There are many agile methods and frameworks, but what is the essence of agility? And how can one describe it without resorting to the terminology of Scrum & Co? At first glance, the Manifesto for Agile Software Development seems like a good starting point for answering these questions. However, propositions like “Responding to change over following a plan” are not very actionable declarations of intent. The principles behind the manifesto are much more concrete when they, for instance, demand to “deliver working software frequently, from a couple of weeks to a couple of months, with a preference to the shorter timescale.” However, in their variety of covered aspects, these principles do not provide a coherent picture of what agility is about at its core.
Now, what can be considered essential for agility? First, and most conspicuously, because it is the antithesis of the prevailing plan-driven analytical approach, it is undoubtedly empiricism: Agile means empirical exploration of solutions and markets in a complex environment. Secondly, agility consistently relies on empowering the teams, who constantly question and improve their working methods and work processes in the best tradition of lean management. And third, agility means ownership and teamwork. Agility abandons small-scale expertise, which entails many handovers for any non-trivial development, favoring small, powerful, cross-functional teams that take joint responsibility for their product and develop it further with deliveries at short intervals.
Empiricism
Empiricism comes from the Greek εμπειρία (empeiría), which means experiential knowledge. Empiricism is the attempt to understand causal relationships through the systematic collection of experience. Empiricism, therefore, works with theoretical assumptions about the world formulated as hypotheses and tested or disproved by appropriate experiments. In contrast to analytics (from the Greek ἀναλύειν analyein ‘to resolve’), the system under investigation is not broken down into its constituent parts, but rather the interrelationships are considered on a large scale. The human brain, for example, can be studied analytically and thus understood as a complicated and dynamic network of neurons. Still, our mind’s patterns of thought and biases can only be demonstrated empirically through appropriate psychological experiments.

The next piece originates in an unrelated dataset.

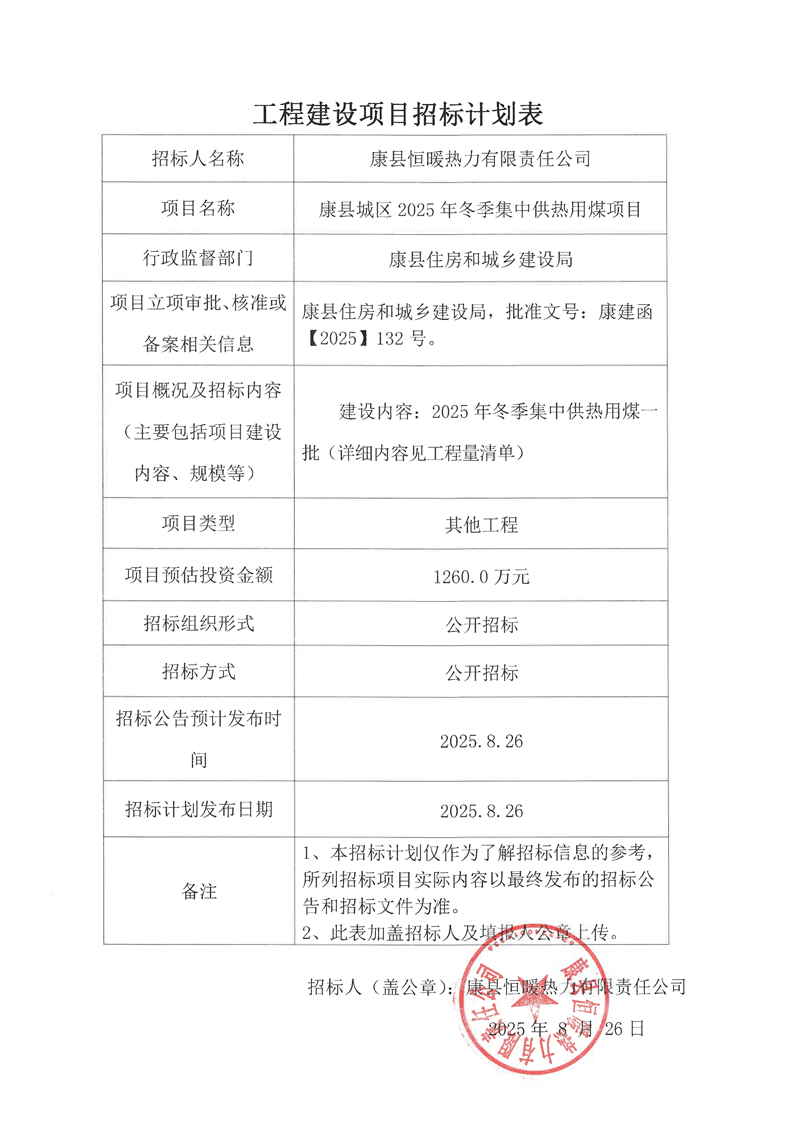 康縣城區(qū)2025年冬季集中供熱用煤項(xiàng)目

Agility starts with honestly admitting the uncertainty and complexity of the project and its environment. The logical response to this complexity is then to work more empirically and less analytically and plan-driven. Every prioritization, every sprint goal, and every sprint planning is thus actually a hypothesis about an expected customer benefit. Reasonable hypotheses will prove themselves; bad ones will be refuted by reality. That is why agility means more than just delivering new increments of the product. It is essential to systematically collect data on the impact of the delivery to confirm or disprove the associated hypothesis.
An empirical-scientific system must be able to fail from experience.

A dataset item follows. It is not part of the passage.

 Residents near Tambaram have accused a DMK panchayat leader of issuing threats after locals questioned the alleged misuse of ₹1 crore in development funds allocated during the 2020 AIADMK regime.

Karl Popper, Logik der Forschung 17
Empowerment
Agility is based on lean management and can be understood as applying the five lean principles to software development. Its focus is on the rapid delivery of customer value through working software. And the optimal flow for this is created in the interdisciplinary self-organized team, which covers the complete value stream from idea to operation of the software.
In lean management, all employees are encouraged and empowered to question processes and improve them continuously. This empowerment of “ordinary” workers, and thus the focus on the human factor, represents a significant departure from the previously dominant Taylorist mindset: Those who work in the process, rather than their managers, know the processes best and are consequently the ones who can best optimize them. Taiichi Ohno, the inventor of the Toyota Production System, puts it this way:
Standards should not be forced down from above but rather set by the production workers themselves.
Taiichi Ohno
This empowerment is at the heart of agile. It is not the ingenious manager but self-organizing teams that create the best architectures, requirements, and designs, as is unequivocally stated in the principles behind the manifesto for agile software development. And in the best tradition of lean management, these teams are also responsible for continuously improving their processes: “At regular intervals, the team reflects on how to become more effective, then tunes and adjusts its behavior accordingly.”
Ownership
Far too often, agile methods and Scrum, in particular, are reduced to optimizing workflows. This misunderstanding is based on the assumption that one can organize the existing work differently and better under otherwise unchanged conditions to become faster or more adaptable. However, this mechanistic view completely ignores that agility is actually about teamwork and ownership. Methods such as Scrum only give the team the framework and structure to focus on its product instead of a bunch of incoherent tasks.
A team is not a group of people that work together. A team is a group of people that trust each other.
Simon Sinek
Agility means learning collectively through experimentation and continuously improving both the collaboration and the product as a result. However, this learning only works if the people involved can act as a team and not just work together coincidentally this week because specific expertise is in demand in this particular phase of the project. In a certain sense, belonging to a team and shared responsibility for a product is more critical to agility than expertise, which flourishes in most functionally fine-tuned organizations. Of course, agility still appreciates and requires expert knowledge, but rather where the value is created and not in the expert silo.